◆ SUPPLIED DATA
○ ○ ○ ○ ○ ○ ○
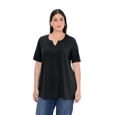 Ulla Popken Women's T Shirt, A line, Tunic Neck, Half Sleeves, Black Beauty, 36 38
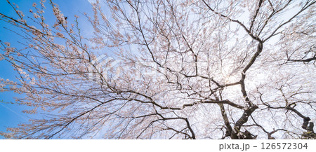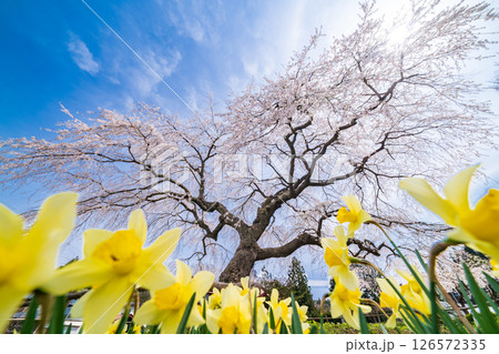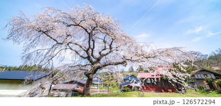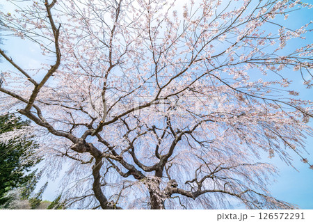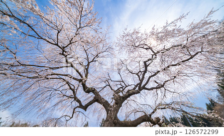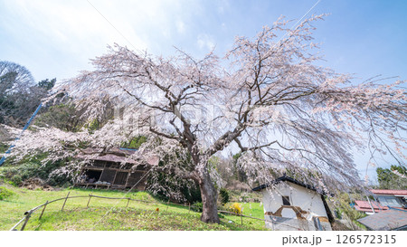 「青森県」春空と槍沢の枝垂れ桜 五戸町
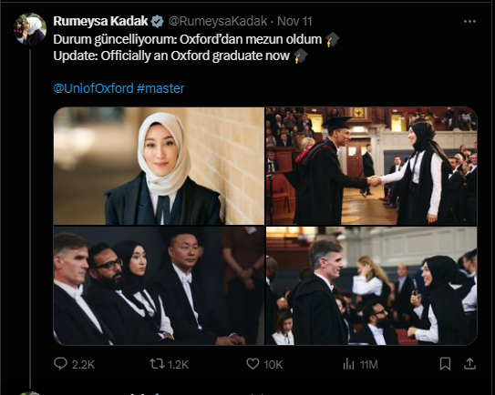 MEZUNİYETİNİ 'MÜJEDELEMİŞTİ'Bu astronomik burslardan yararlanan az sayıda isimden biri olan AKP İstanbul Milletvekili Rumeysa Kadak İngiltere'nin en prestijli okullarından olan Oxford Üniversitesi'nden mezun olduğunu "müjdelemişti"
○ ○ ○ ○ ○ ○ ○
◆ REQUIREMENT
Nothing but an exact transcription of the material, without pictures, should be returned.

◆ RESULT OF THE TASK
 Ulla Popken Women's T Shirt, A line, Tunic Neck, Half Sleeves, Black Beauty, 36 38
 「青森県」春空と槍沢の枝垂れ桜 五戸町
 MEZUNİYETİNİ 'MÜJEDELEMİŞTİ'Bu astronomik burslardan yararlanan az sayıda isimden biri olan AKP İstanbul Milletvekili Rumeysa Kadak İngiltere'nin en prestijli okullarından olan Oxford Üniversitesi'nden mezun olduğunu "müjdelemişti"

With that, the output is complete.